I want a soap that is white in color. Most of my soaps are yellow/gold in color, which is nice. But I want a white soap.

What is a good coloring pigment? Are there some oils that will make my soap white, or am I using some oils that make it yellow?

Thanks,

churchsecretary


----------



## kidsngarden (Mar 24, 2006)

Palm, rice bran, and olive all tend to make a yellower bar. Lard will give the whitest of bars. I good white bar would be mostly coconut and Lard with a bit of sunflower in there.

If you are using Milk as the liquid that might also be why, though I can get some pretty white GM bars! 

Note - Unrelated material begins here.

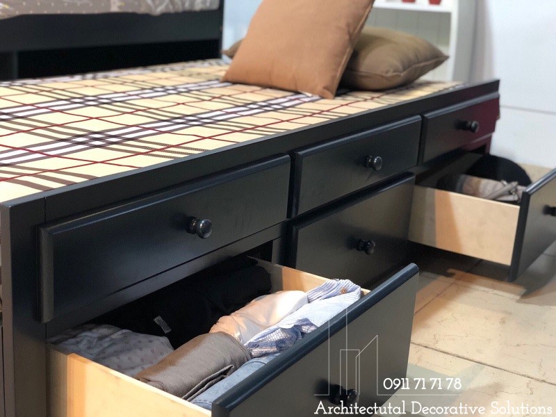 Giường Tầng Giá Rẻ 3T được thiết kế đẹp với các họa tiết trang trí. Thiết kế tối ưu để tiết kiệm diện tích phòng ngủ, sử dụng cho cả trẻ em và người lớn. Ưu điểm lớn của loại giường này là rộng rãi, dùng cho 2-3 người cả trẻ em và người lớn với 2 giường, tầng trên rộng 1m4, tầng dưới rộng 1m. Phía dưới tầng 1 là các hộc kéo dùng để chứa đồ, cầu thang chắc chắn.
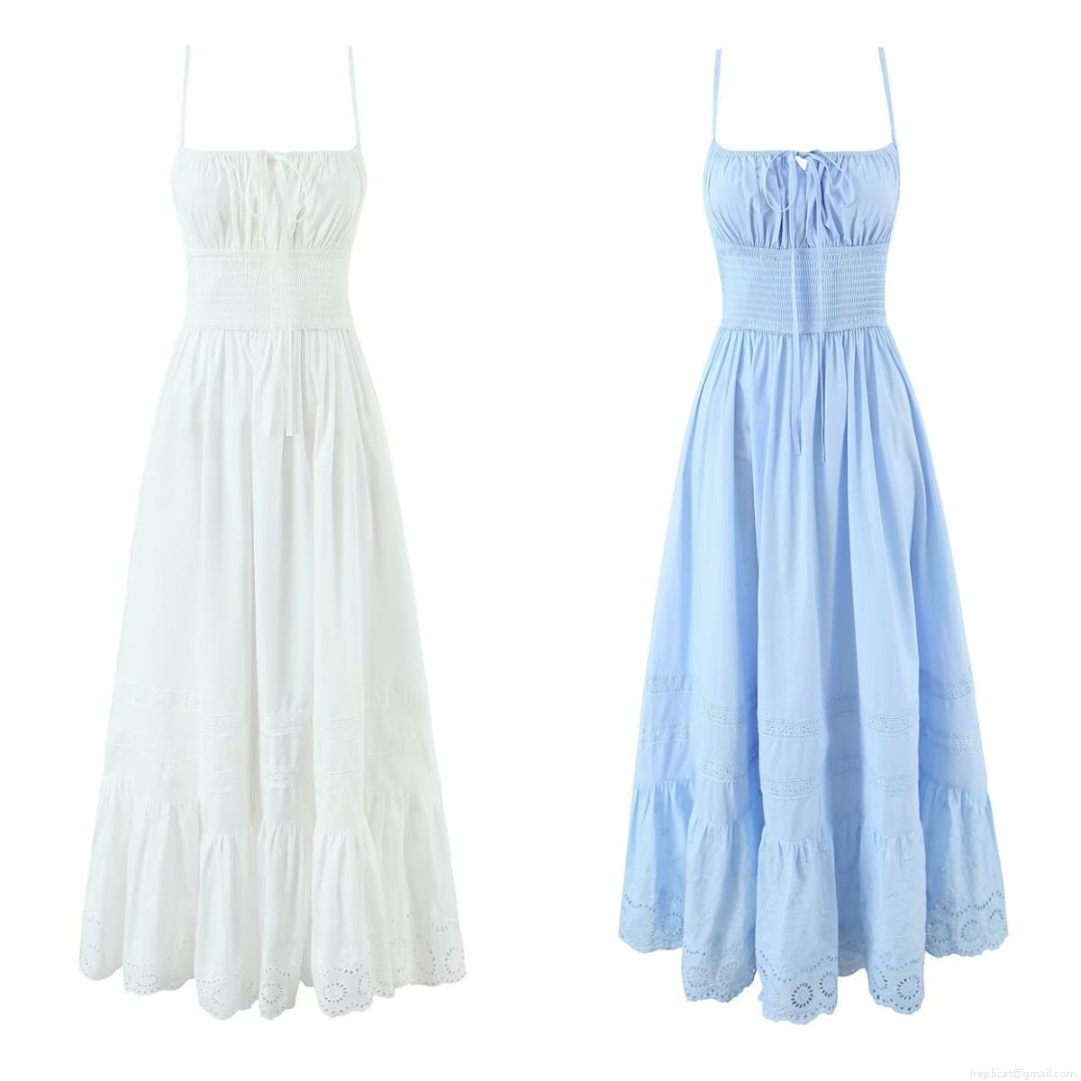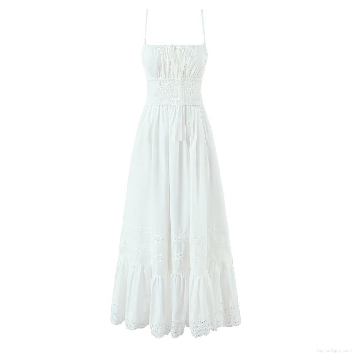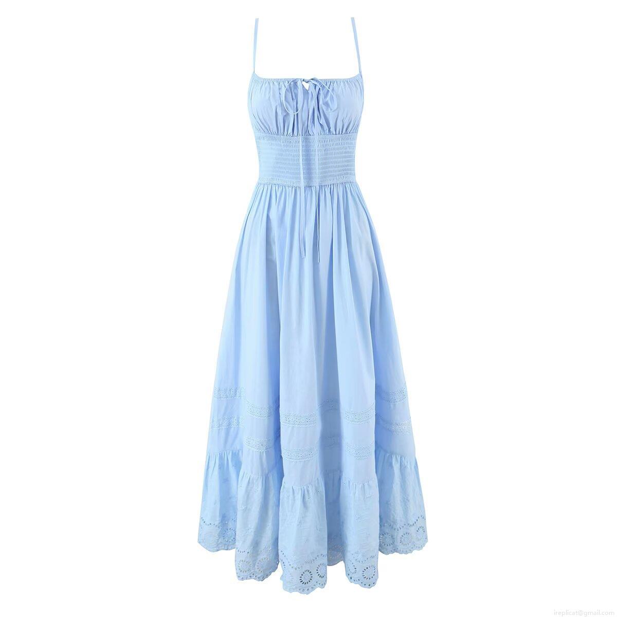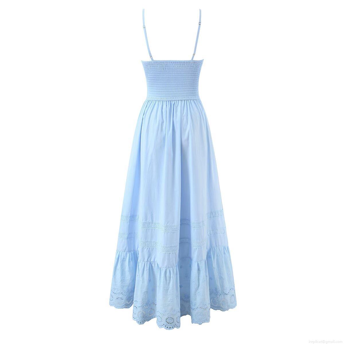 • Women Spaghetti Strap Maxi Dress 100% Cotton Eyelet Embroidery Lace Patchwork Smocking Waist Tiered Ruffle Hem Boho Summer Vacation Dress

Certain FO's (anything foodie with vanilla in it) also discolor soap.

Bethany


----------



## linn (Jul 19, 2005)

Titanium Dioxide may be added during soap making to make the soap whiter. I have never used it; but have seen it advertised as a pigment for soap.


----------



## bowdonkey (Oct 6, 2007)

How white and why? I use coconut, castor, olive and Wally World brand shortening and get a nice white bar. I also soap at RT, don't know if that makes a difference. Once milk, sugar, honey gets added the bar turns a tan color. Personally I try to keep my soap as natural as possible and accept whatever color it turns out. If you insist on white maybe check into some Borax soap recipes. I use these also and they give a nice white color and help with lathering in hard water.


----------



## MullersLaneFarm (Jul 23, 2004)

TD will make the soap whiter, but it also gives a chalky feeling.

Stick with the white oils (such as lard, tallow, PK, coconut, sw almond, sunflower, safflower, some olive)


----------